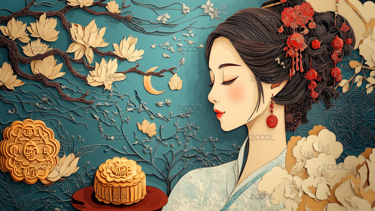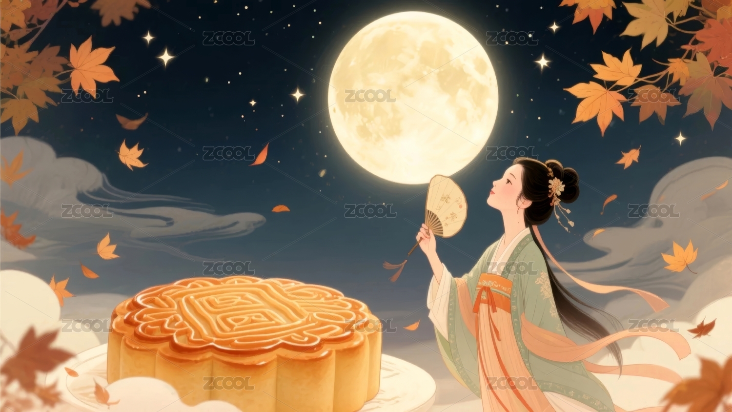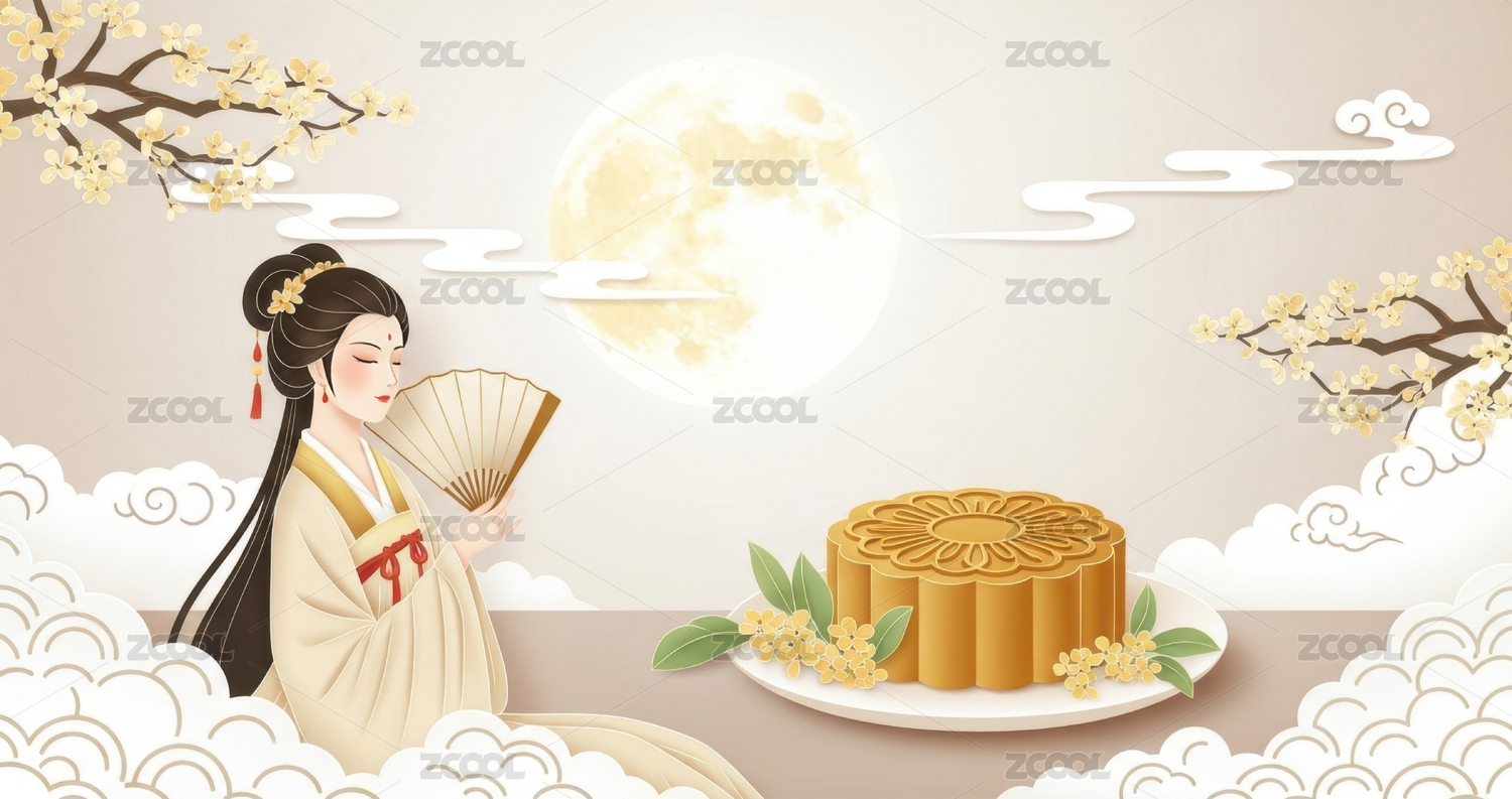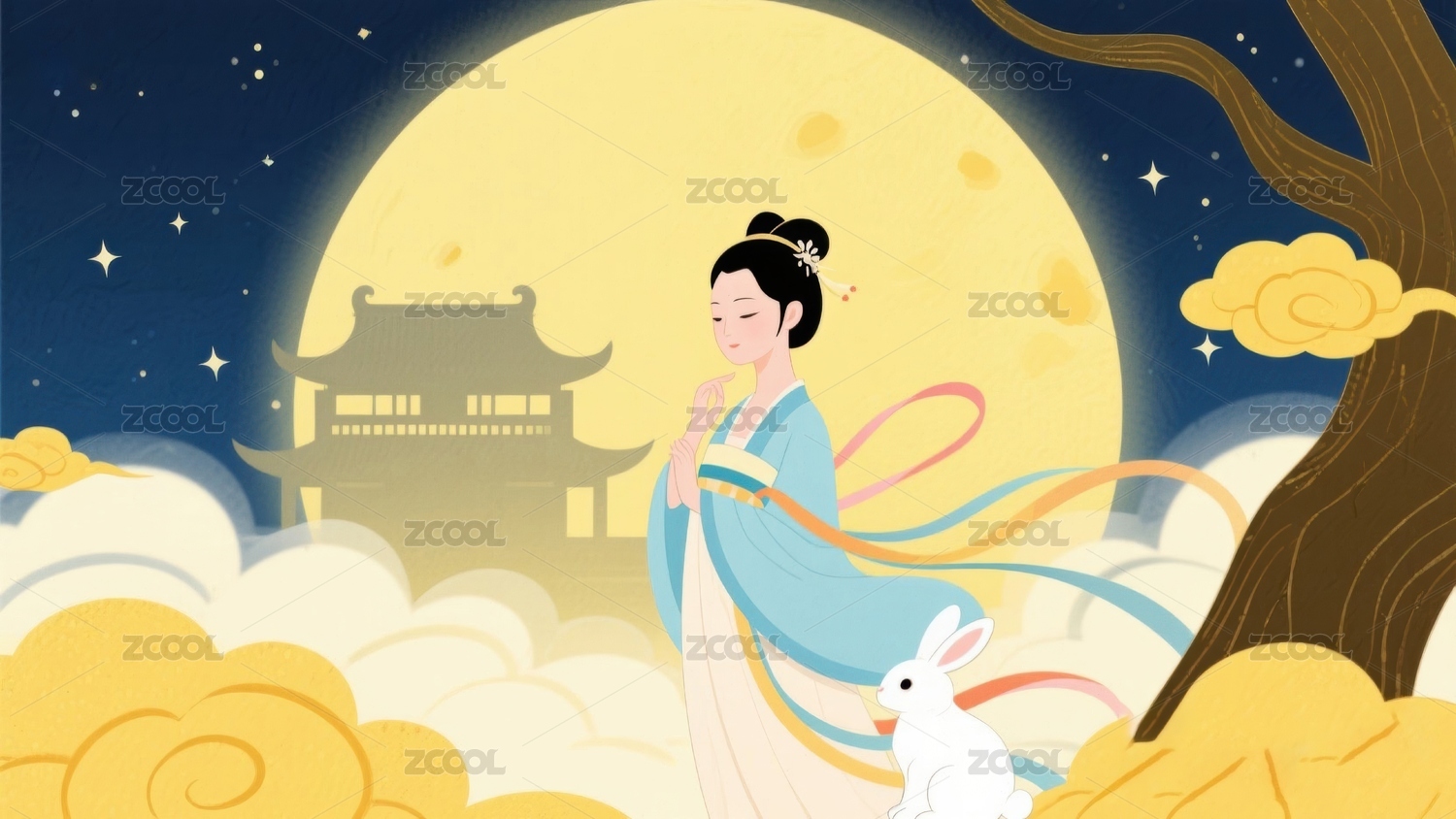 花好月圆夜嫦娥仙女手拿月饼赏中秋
---
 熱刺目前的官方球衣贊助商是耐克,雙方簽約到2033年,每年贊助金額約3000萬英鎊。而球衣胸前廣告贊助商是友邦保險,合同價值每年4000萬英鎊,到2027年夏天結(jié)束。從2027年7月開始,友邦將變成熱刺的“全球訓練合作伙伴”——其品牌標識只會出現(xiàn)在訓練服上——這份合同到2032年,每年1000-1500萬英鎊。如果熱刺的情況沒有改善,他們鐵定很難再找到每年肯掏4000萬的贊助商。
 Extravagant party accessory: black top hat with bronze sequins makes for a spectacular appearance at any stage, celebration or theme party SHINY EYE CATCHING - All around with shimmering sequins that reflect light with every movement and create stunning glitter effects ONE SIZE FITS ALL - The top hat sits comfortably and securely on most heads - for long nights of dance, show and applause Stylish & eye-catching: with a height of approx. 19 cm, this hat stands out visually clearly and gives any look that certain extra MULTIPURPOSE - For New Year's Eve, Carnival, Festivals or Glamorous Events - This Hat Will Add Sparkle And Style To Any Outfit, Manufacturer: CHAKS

HOW TO COMPLETE THIS TASK: What is needed is an exact copy of the lines above, from the one containing "熱刺目前的官方球衣贊助商是耐" through the one containing "Extravagant party accessory: black", with nothing added.

YOUR SOLUTION:
 熱刺目前的官方球衣贊助商是耐克,雙方簽約到2033年,每年贊助金額約3000萬英鎊。而球衣胸前廣告贊助商是友邦保險,合同價值每年4000萬英鎊,到2027年夏天結(jié)束。從2027年7月開始,友邦將變成熱刺的“全球訓練合作伙伴”——其品牌標識只會出現(xiàn)在訓練服上——這份合同到2032年,每年1000-1500萬英鎊。如果熱刺的情況沒有改善,他們鐵定很難再找到每年肯掏4000萬的贊助商。
 Extravagant party accessory: black top hat with bronze sequins makes for a spectacular appearance at any stage, celebration or theme party SHINY EYE CATCHING - All around with shimmering sequins that reflect light with every movement and create stunning glitter effects ONE SIZE FITS ALL - The top hat sits comfortably and securely on most heads - for long nights of dance, show and applause Stylish & eye-catching: with a height of approx. 19 cm, this hat stands out visually clearly and gives any look that certain extra MULTIPURPOSE - For New Year's Eve, Carnival, Festivals or Glamorous Events - This Hat Will Add Sparkle And Style To Any Outfit, Manufacturer: CHAKS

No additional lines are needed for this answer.